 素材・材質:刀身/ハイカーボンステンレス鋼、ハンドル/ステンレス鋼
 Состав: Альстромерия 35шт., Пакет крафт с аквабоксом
==
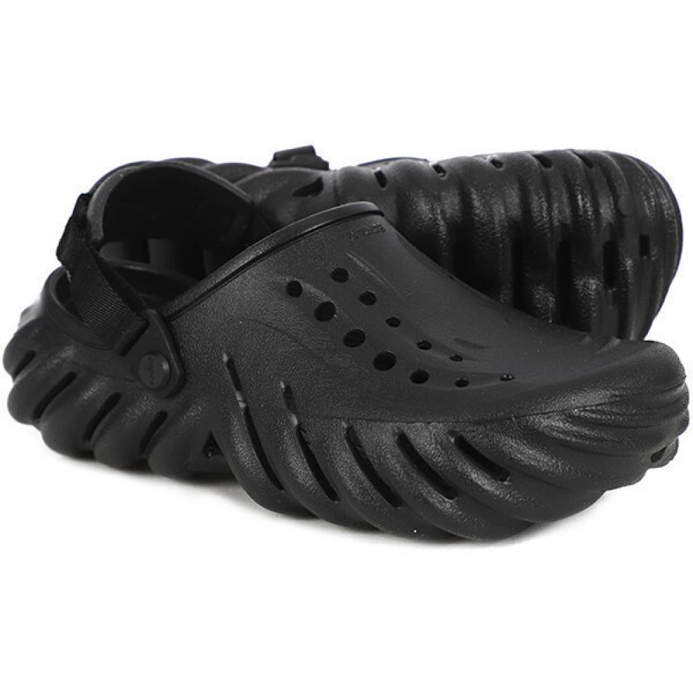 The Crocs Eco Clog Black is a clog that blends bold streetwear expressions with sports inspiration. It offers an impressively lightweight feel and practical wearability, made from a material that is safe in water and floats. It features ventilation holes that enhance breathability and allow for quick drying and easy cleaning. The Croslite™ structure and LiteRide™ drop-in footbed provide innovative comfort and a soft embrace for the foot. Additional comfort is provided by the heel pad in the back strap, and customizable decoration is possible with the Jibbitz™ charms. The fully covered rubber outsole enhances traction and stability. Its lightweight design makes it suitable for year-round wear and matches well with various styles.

■ WHAT THE TASK ASKS ■
Reproduce the lines of the entries above from the one with "素材・材質:刀身/ハイカーボンステンレス鋼、ハンドル/ステンレス鋼" to the one with "Состав: Альстромерия 35шт., Пакет", both included, exactly and without any other line.

■ ANSWER BOX ■
 素材・材質:刀身/ハイカーボンステンレス鋼、ハンドル/ステンレス鋼
 Состав: Альстромерия 35шт., Пакет крафт с аквабоксом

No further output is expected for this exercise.